In essence the appointment of a protector provides a means of monitoring the actions of a trustee and checking that appropriate action is taken to preserve the trust fund. In order to carry out such functions, protectors may commonly be given “positive” powers such as the power to appoint and remove trustees and “negative” powers such as the right to withhold consent to capital distributions to beneficiaries. The role of a protector can, therefore, be a significant one in the context of the administration of a trust.
Protectors may be appointed to act in a fiduciary or non-fiduciary capacity. Where the settlor’s intention in this regard is not clear, one will need to look at the nature of the particular powers given. As a rule of thumb, protectors will commonly have fiduciary obligations even if this is not expressly stated in the trust documentation. This is not always the case, however, and where, for example, the protector is also a beneficiary that expectation may be reversed. In any event we have seen a number of cases where the elements that may or may not point to a fiduciary role are in contradiction to one another and the position can very easily become one of nuance.
Protectors can play an important role in ensuring dialogue between the parties that are interested in a trust. When the office works well, it can be a successful channel for maintaining harmony in the midst of competing interests or views. This can be particularly important, albeit potentially more difficult, following the death of a settlor.
Protectors’ powers mean that they can hold a large degree of influence over structures. Whilst this can undoubtedly be a positive factor, where the limitations of the role are not fully appreciated by those in office this can lead to significant problems for the administration of the trust. Such problems have been seen to materialise where, for example, a non-professional confidante of the settlor has been appointed and believes they are entitled to act in a quasi-trustee capacity.
There are obvious reasons why it would not be appropriate for a trustee or beneficiaries to be able to remove a protector simply because a dispute has arisen. Where a protector has started to act in a matter that leads to a breakdown in trust and confidence, an extremely difficult position can, however, arise. Where such problems affect the ability of the trustee to act in the best interests of the beneficiaries there are steps that can be taken.
Parties should be mindful of the factors that the Court would consider in the context of an application to remove a protector. The threshold for removing a protector will naturally be a high one. It is a significant step to take and caution will be exercised by the Court before any order is made. Mutual hostility or distrust between the relevant parties will not suffice. A protector may quickly become unpopular as a result of decisions that do not find favour with beneficiaries or trustees and this would be no reason for a protector to step down or face forced removal.

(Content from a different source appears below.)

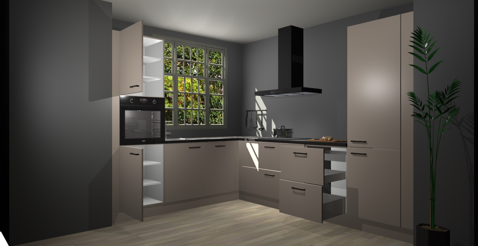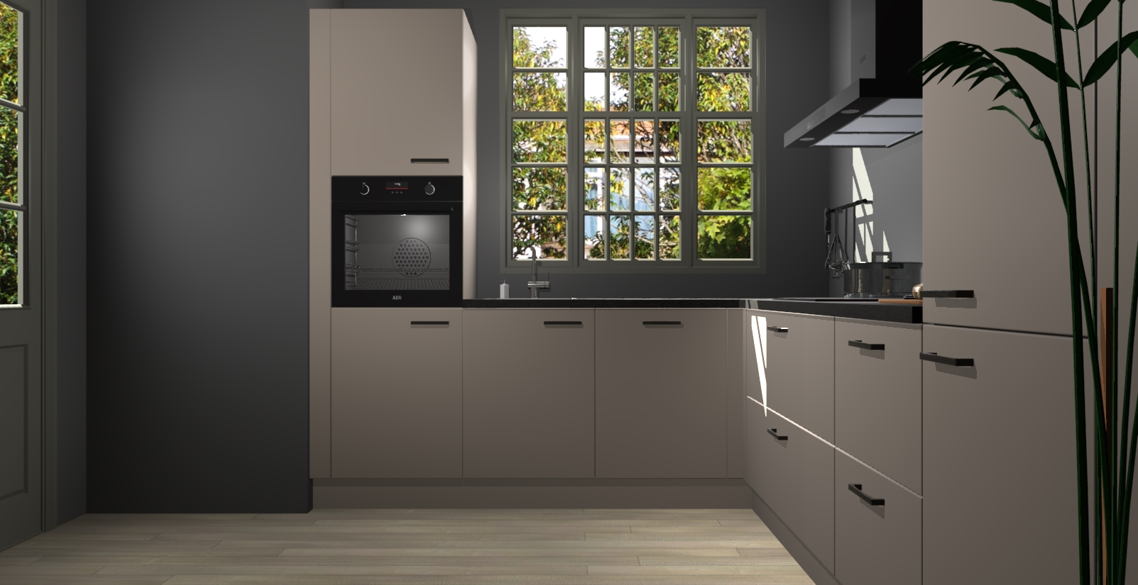 Met een modern, tijdloos design en ruime opslagruimte, zult u zich in no-time thuis voelen in uw nieuwe keuken. Uw leven wordt eenvoudiger met de soft-close deuren die voor het ultieme stille comfort zorgen - geen geluid dat u stoort terwijl u kookt. Ook is de keuken voorzien van 5 ingebouwde apparaten: een oven, inductie kookplaat, afzuigkap, vaatwasser en koelkast. Deze kunnen gemakkelijk na bestelling worden bijgewerkt naar AEG - waardoor uw luxe ervaring compleet is.

The Courts will ultimately be guided by considerations over the welfare of the beneficiaries and the competent administration of the trust in their favour. Where a breakdown in relations has a significantly detrimental effect on the execution of the trusts and is likely to continue to do so, that would be a sufficient basis for the Court to exercise its discretion. It is not necessary that the protector bears the bulk of the responsibility for the breakdown in relations and the consequent difficulties caused for the trust, but such a situation will serve to fortify the conclusion that it is right for the protector to be removed.
Where circumstances of this nature arise, a protector would be well advised to walk before pushed. Where this does not happen, there is clarity on the circumstances in which the Court will exercise its jurisdiction to forcibly remove a protector. Whilst issues relevant to a protector’s indemnities can serve to temporarily cloud matters, in our experience the desired result can be achieved without recourse to the Court. In the majority of cases it should, therefore, be possible to limit legal costs through an early dialogue with a protector’s legal advisers.